De sinusregel in \(\triangle P\kern{-.8pt}Q\kern{-.8pt}R\) geeft \({P\kern{-.8pt}R \over \sin(\angle Q)}={P\kern{-.8pt}Q \over \sin(\angle R)}={Q\kern{-.8pt}R \over \sin(\angle P)}\text{.}\)

Dus \(P\kern{-.8pt}Q={P\kern{-.8pt}R⋅\sin(\angle R) \over \sin(\angle Q)}={16⋅\sin(82\degree) \over \sin(64\degree)}\text{.}\)

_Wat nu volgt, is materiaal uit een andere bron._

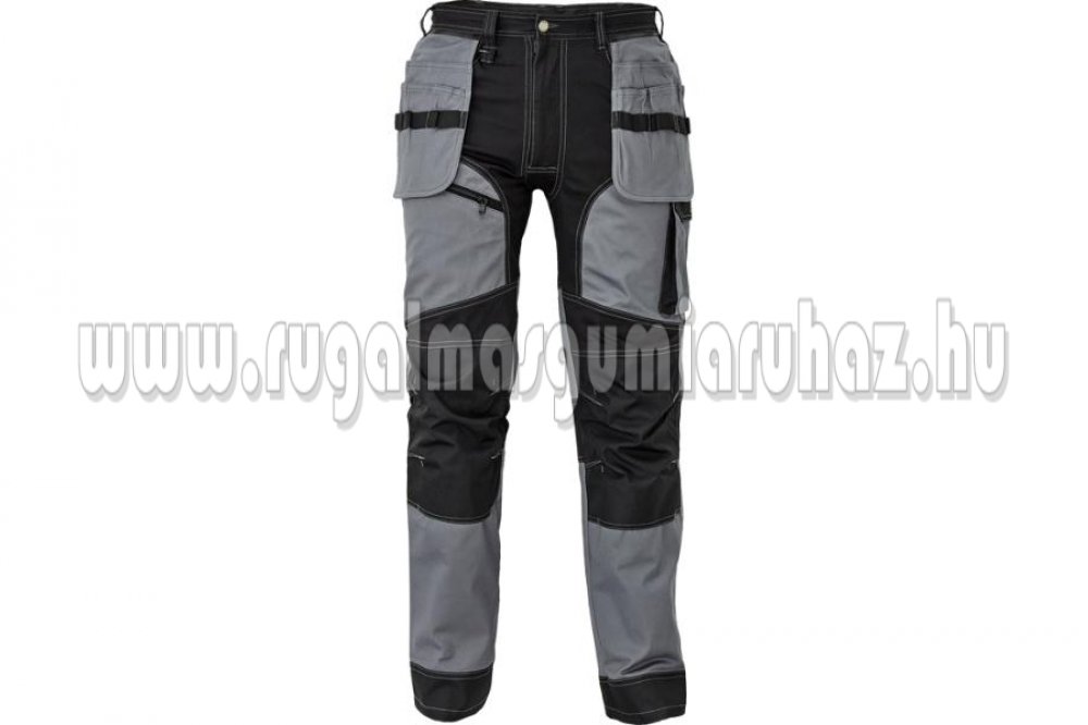 Férfi munkanadrág rugalmas derékkal; 2 oldalsó zseb, két szerszámtartó zsebbel elöl; D-gyűrű; 1 oldalsó zseb a lábon hajtókával; 1 oldalsó zseb cipzárral; 2 hátsó hajtókás zseb; megerősített térdrész, térdvédőtartó; 5 cm-rel meghosszabbítható nadrágszárak; a nadrág hátsó, alsó része megerősített; dekoratív varratok; 265 g/m2
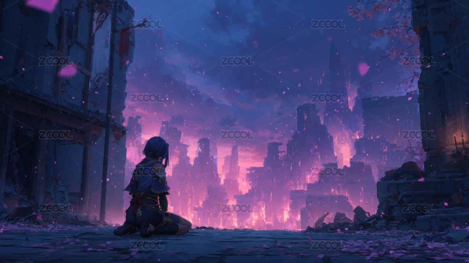 一个女孩站在巨大宏伟的城堡前动漫场景

\(P\kern{-.8pt}Q≈17{,}6\text{.}\)

De sinusregel in \(\triangle A\kern{-.8pt}B\kern{-.8pt}C\) geeft \({A\kern{-.8pt}C \over \sin(\angle B)}={A\kern{-.8pt}B \over \sin(\angle C)}={B\kern{-.8pt}C \over \sin(\angle A)}\text{.}\)

Dus \(A\kern{-.8pt}B={A\kern{-.8pt}C⋅\sin(\angle C) \over \sin(\angle B)}={22⋅\sin(122\degree) \over \sin(32\degree)}\text{.}\)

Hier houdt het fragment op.